The leader of the biggest German lender has been tasked with putting the bank back on sound footing, regaining market share and - of course - reining in costs, including the bank’s bloated headcount. DB has 97,000 employees worldwide, about double the number of employees at many of its European peers.
And as the bank has made about half of the 9,000 cuts promised by Cryan in a five-year restructuring plan, the CEO told the Financial Times that machine learning and automation technology could help him cut tens of thousands of additional jobs, particularly in the bank’s back office.
Deutsche has made about 4,000 of the 9,000 job cuts promised under a five-year restructuring plan announced in late 2015. Mr Cryan said many of the additional cuts would come through using technology to boost efficiency in the bank’s processes.
“There we’ve got the most to gain,” he said. “We’re too manual, which can make you error-prone and it makes you inefficient. There’s a lot of machine learning and mechanisation that we can do."
Mr Cryan said the ratio of front office, revenue-generating staff, to back office people who keep the bank’s systems running, was “out of kilter” at Deutsche.
When asked about the specific number of employees at risk of being replaced, he told Laura Noonan at the Financial Times it would be a "big number."

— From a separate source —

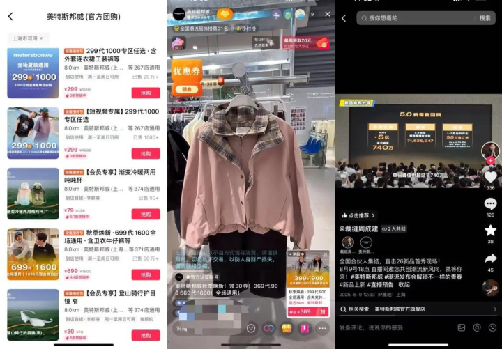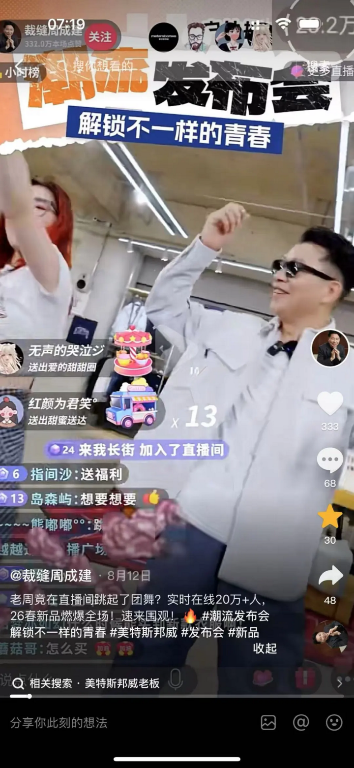 骨子上,这场激励接头的直播发生在一个多月前。8月9日,好意思特斯邦威在“成衣周成建”的抖音直播间进行26春夏新品发布会。60岁的好意思邦衣饰董事长周成建戴着玄色墨镜跳起团舞,配景音乐是品牌历史代言东谈主周杰伦的《阳光宅男》。周成建抖音公布,当晚这场直播的在线不雅看东谈主数超20万东谈主。

Cryan’s remarks come after the bank reported a tangible return on equity of just 4% for the third quarter, far short of its medium-term target of 10%. Of course, hitting that goal will be virtually impossible as long as the European Central Bank is embracing NIRP. As we noted yesterday, DB’s investment bank is looking to the risky leveraged loan market, where it can collect juicy fees from US corporates.
While the bank’s headcount has been reduced elsewhere, the Frankfurt-based lender added 24 managing directors and directors to its US corporate finance business this year.
As the FT points out, DB’s staff has taken umbrage in some of Cryan’s more critical remarks about the staff bloat at the bank. Back in September, Cryan said the bank’s accountants “sped a lot of time basically being abacuses” and are ripe for being automated.
As the bank works to integrate its retail network with Postbank, its German retail banking subsidiary, Cryan said he closing retail branches and pushing more of its customers to do their banking online could help the bank cut costs.
Furthermore, Cryan believes entire industries will be able to replace workers with robots, not just Deutsche Bank. "We have to find new ways of employing people and maybe people need to find new ways of spending their time," he said, according to CNBC. "The truthful answer is we won't need as many people."
Cryan’s views on AI are diametrically opposed to Elon Musk’s warnings that AI is the “single biggest threat to humanity” and that governments should immediately move to regulate the technology.
However, some experts say that any meaningful advancements in AI that would render a significant portion of the US labor force obsolete are still far in the future, and that the technology has been incredibly overhyped. According to Gartner Inc.’s hype cycle for new technologies, the hype surrounding machine learning is at the “peak of inflated expectations” and heading to the “trough of disillusionment"...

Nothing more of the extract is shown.